--- START ---

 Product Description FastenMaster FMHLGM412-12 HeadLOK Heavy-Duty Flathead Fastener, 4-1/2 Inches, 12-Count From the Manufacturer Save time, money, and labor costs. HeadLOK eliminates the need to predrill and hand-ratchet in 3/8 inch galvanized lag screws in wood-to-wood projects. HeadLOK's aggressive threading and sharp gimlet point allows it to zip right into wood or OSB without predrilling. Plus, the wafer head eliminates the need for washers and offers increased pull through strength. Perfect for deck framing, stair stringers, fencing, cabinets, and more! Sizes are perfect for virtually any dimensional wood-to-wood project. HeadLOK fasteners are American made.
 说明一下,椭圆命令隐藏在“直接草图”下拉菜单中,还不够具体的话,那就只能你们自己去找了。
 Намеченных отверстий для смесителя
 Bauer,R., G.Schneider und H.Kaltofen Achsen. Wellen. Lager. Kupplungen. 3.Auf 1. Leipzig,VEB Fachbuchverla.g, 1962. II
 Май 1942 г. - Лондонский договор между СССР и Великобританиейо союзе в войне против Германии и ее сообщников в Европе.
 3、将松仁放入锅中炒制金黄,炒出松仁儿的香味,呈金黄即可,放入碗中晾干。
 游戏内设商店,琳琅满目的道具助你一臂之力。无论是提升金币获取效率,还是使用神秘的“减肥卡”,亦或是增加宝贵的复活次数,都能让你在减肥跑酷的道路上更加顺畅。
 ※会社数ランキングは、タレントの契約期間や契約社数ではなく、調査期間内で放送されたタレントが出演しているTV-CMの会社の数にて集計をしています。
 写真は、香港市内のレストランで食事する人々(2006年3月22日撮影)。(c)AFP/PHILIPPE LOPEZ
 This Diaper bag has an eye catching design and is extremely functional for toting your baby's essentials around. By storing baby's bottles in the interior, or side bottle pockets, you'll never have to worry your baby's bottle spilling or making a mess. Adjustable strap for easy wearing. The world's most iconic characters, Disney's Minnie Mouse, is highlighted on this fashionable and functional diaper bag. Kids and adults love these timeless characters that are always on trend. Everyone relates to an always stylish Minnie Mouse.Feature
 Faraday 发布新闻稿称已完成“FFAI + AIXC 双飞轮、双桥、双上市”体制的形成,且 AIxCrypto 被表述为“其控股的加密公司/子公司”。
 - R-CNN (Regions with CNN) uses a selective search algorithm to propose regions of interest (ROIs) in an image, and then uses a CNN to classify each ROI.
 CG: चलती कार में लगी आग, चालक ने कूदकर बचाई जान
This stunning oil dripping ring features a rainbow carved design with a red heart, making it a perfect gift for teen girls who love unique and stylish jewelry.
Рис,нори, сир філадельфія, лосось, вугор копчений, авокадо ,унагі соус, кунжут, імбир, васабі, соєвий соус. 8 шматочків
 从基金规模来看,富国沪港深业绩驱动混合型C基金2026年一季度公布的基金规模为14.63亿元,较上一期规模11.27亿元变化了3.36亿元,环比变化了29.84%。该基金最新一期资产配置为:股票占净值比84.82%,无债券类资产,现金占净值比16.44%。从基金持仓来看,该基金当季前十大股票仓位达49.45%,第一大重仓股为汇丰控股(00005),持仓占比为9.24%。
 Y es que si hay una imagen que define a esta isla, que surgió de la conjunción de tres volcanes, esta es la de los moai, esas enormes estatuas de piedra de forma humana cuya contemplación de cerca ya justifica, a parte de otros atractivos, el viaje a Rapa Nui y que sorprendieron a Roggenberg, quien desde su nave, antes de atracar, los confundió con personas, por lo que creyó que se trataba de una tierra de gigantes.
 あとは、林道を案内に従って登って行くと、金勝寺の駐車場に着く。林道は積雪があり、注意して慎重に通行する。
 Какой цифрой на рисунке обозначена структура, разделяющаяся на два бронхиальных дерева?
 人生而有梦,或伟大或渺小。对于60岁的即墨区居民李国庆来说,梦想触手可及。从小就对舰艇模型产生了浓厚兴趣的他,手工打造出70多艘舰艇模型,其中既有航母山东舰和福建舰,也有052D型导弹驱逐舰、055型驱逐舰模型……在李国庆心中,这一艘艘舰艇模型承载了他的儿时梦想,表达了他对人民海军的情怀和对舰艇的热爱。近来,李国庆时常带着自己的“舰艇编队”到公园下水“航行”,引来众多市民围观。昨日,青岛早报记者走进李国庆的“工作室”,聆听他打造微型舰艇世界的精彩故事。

--- END ---

** Problem to work on **
All records above must be returned exactly as they appear.

** Written response **
 Product Description FastenMaster FMHLGM412-12 HeadLOK Heavy-Duty Flathead Fastener, 4-1/2 Inches, 12-Count From the Manufacturer Save time, money, and labor costs. HeadLOK eliminates the need to predrill and hand-ratchet in 3/8 inch galvanized lag screws in wood-to-wood projects. HeadLOK's aggressive threading and sharp gimlet point allows it to zip right into wood or OSB without predrilling. Plus, the wafer head eliminates the need for washers and offers increased pull through strength. Perfect for deck framing, stair stringers, fencing, cabinets, and more! Sizes are perfect for virtually any dimensional wood-to-wood project. HeadLOK fasteners are American made.
 说明一下,椭圆命令隐藏在“直接草图”下拉菜单中,还不够具体的话,那就只能你们自己去找了。
 Намеченных отверстий для смесителя
 Bauer,R., G.Schneider und H.Kaltofen Achsen. Wellen. Lager. Kupplungen. 3.Auf 1. Leipzig,VEB Fachbuchverla.g, 1962. II
 Май 1942 г. - Лондонский договор между СССР и Великобританиейо союзе в войне против Германии и ее сообщников в Европе.
 3、将松仁放入锅中炒制金黄,炒出松仁儿的香味,呈金黄即可,放入碗中晾干。
 游戏内设商店,琳琅满目的道具助你一臂之力。无论是提升金币获取效率,还是使用神秘的“减肥卡”,亦或是增加宝贵的复活次数,都能让你在减肥跑酷的道路上更加顺畅。
 ※会社数ランキングは、タレントの契約期間や契約社数ではなく、調査期間内で放送されたタレントが出演しているTV-CMの会社の数にて集計をしています。
 写真は、香港市内のレストランで食事する人々(2006年3月22日撮影)。(c)AFP/PHILIPPE LOPEZ
 This Diaper bag has an eye catching design and is extremely functional for toting your baby's essentials around. By storing baby's bottles in the interior, or side bottle pockets, you'll never have to worry your baby's bottle spilling or making a mess. Adjustable strap for easy wearing. The world's most iconic characters, Disney's Minnie Mouse, is highlighted on this fashionable and functional diaper bag. Kids and adults love these timeless characters that are always on trend. Everyone relates to an always stylish Minnie Mouse.Feature
 Faraday 发布新闻稿称已完成“FFAI + AIXC 双飞轮、双桥、双上市”体制的形成,且 AIxCrypto 被表述为“其控股的加密公司/子公司”。
 - R-CNN (Regions with CNN) uses a selective search algorithm to propose regions of interest (ROIs) in an image, and then uses a CNN to classify each ROI.
 CG: चलती कार में लगी आग, चालक ने कूदकर बचाई जान
This stunning oil dripping ring features a rainbow carved design with a red heart, making it a perfect gift for teen girls who love unique and stylish jewelry.
Рис,нори, сир філадельфія, лосось, вугор копчений, авокадо ,унагі соус, кунжут, імбир, васабі, соєвий соус. 8 шматочків
 从基金规模来看,富国沪港深业绩驱动混合型C基金2026年一季度公布的基金规模为14.63亿元,较上一期规模11.27亿元变化了3.36亿元,环比变化了29.84%。该基金最新一期资产配置为:股票占净值比84.82%,无债券类资产,现金占净值比16.44%。从基金持仓来看,该基金当季前十大股票仓位达49.45%,第一大重仓股为汇丰控股(00005),持仓占比为9.24%。
 Y es que si hay una imagen que define a esta isla, que surgió de la conjunción de tres volcanes, esta es la de los moai, esas enormes estatuas de piedra de forma humana cuya contemplación de cerca ya justifica, a parte de otros atractivos, el viaje a Rapa Nui y que sorprendieron a Roggenberg, quien desde su nave, antes de atracar, los confundió con personas, por lo que creyó que se trataba de una tierra de gigantes.
 あとは、林道を案内に従って登って行くと、金勝寺の駐車場に着く。林道は積雪があり、注意して慎重に通行する。
 Какой цифрой на рисунке обозначена структура, разделяющаяся на два бронхиальных дерева?
 人生而有梦,或伟大或渺小。对于60岁的即墨区居民李国庆来说,梦想触手可及。从小就对舰艇模型产生了浓厚兴趣的他,手工打造出70多艘舰艇模型,其中既有航母山东舰和福建舰,也有052D型导弹驱逐舰、055型驱逐舰模型……在李国庆心中,这一艘艘舰艇模型承载了他的儿时梦想,表达了他对人民海军的情怀和对舰艇的热爱。近来,李国庆时常带着自己的“舰艇编队”到公园下水“航行”,引来众多市民围观。昨日,青岛早报记者走进李国庆的“工作室”,聆听他打造微型舰艇世界的精彩故事。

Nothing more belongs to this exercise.